◆ Description of the task
Below are some entries. Repeat exactly the lines from the one with "เสื้อยืดแขนสั้" through the one with "第10分钟,前场左侧,钱杰给", and only those.

◆ Dataset
++++++

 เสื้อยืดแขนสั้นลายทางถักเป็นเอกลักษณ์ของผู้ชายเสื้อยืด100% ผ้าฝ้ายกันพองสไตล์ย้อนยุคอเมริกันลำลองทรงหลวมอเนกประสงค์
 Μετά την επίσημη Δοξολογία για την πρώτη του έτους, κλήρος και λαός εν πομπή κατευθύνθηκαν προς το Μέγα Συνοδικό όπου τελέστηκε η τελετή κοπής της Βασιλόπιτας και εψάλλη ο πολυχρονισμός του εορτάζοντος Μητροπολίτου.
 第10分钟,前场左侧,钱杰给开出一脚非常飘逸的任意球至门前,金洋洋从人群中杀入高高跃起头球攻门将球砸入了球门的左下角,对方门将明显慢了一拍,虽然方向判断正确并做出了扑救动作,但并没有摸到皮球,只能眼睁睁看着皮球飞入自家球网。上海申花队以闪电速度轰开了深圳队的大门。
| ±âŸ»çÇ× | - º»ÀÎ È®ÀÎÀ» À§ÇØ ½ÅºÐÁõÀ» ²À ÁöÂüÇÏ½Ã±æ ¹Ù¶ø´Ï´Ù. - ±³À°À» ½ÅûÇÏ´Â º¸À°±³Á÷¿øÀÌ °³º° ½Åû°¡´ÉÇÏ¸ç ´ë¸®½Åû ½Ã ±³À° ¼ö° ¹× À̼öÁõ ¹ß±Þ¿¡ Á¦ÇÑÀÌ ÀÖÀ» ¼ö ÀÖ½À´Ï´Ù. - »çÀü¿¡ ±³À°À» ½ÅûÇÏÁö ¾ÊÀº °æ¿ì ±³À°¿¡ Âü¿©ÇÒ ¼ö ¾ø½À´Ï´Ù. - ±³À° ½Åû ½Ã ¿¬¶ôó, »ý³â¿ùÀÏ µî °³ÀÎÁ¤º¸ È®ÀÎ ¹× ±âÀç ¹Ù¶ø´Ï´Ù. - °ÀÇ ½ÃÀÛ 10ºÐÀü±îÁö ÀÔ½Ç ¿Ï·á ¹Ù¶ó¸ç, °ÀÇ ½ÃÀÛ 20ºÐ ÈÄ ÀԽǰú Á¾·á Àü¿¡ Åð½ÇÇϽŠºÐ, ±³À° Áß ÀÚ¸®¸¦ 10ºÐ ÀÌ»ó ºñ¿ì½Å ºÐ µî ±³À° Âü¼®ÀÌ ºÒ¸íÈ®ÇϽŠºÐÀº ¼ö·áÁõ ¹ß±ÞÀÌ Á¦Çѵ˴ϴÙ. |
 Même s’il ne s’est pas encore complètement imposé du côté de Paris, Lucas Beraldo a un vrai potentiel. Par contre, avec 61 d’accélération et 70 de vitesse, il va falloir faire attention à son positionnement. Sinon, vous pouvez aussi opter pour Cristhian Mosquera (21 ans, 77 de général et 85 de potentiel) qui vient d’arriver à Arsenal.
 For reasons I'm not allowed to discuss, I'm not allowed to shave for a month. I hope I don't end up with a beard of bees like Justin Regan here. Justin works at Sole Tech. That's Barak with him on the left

++++++

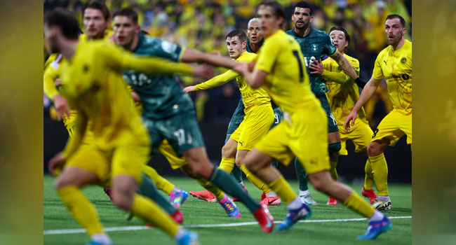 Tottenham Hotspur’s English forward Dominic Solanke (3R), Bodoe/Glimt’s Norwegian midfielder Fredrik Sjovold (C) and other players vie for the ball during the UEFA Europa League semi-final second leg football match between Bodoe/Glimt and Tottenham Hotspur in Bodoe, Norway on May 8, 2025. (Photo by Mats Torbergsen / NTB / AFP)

++++++

◆ Answer to the exercise
 เสื้อยืดแขนสั้นลายทางถักเป็นเอกลักษณ์ของผู้ชายเสื้อยืด100% ผ้าฝ้ายกันพองสไตล์ย้อนยุคอเมริกันลำลองทรงหลวมอเนกประสงค์
 Μετά την επίσημη Δοξολογία για την πρώτη του έτους, κλήρος και λαός εν πομπή κατευθύνθηκαν προς το Μέγα Συνοδικό όπου τελέστηκε η τελετή κοπής της Βασιλόπιτας και εψάλλη ο πολυχρονισμός του εορτάζοντος Μητροπολίτου.
 第10分钟,前场左侧,钱杰给开出一脚非常飘逸的任意球至门前,金洋洋从人群中杀入高高跃起头球攻门将球砸入了球门的左下角,对方门将明显慢了一拍,虽然方向判断正确并做出了扑救动作,但并没有摸到皮球,只能眼睁睁看着皮球飞入自家球网。上海申花队以闪电速度轰开了深圳队的大门。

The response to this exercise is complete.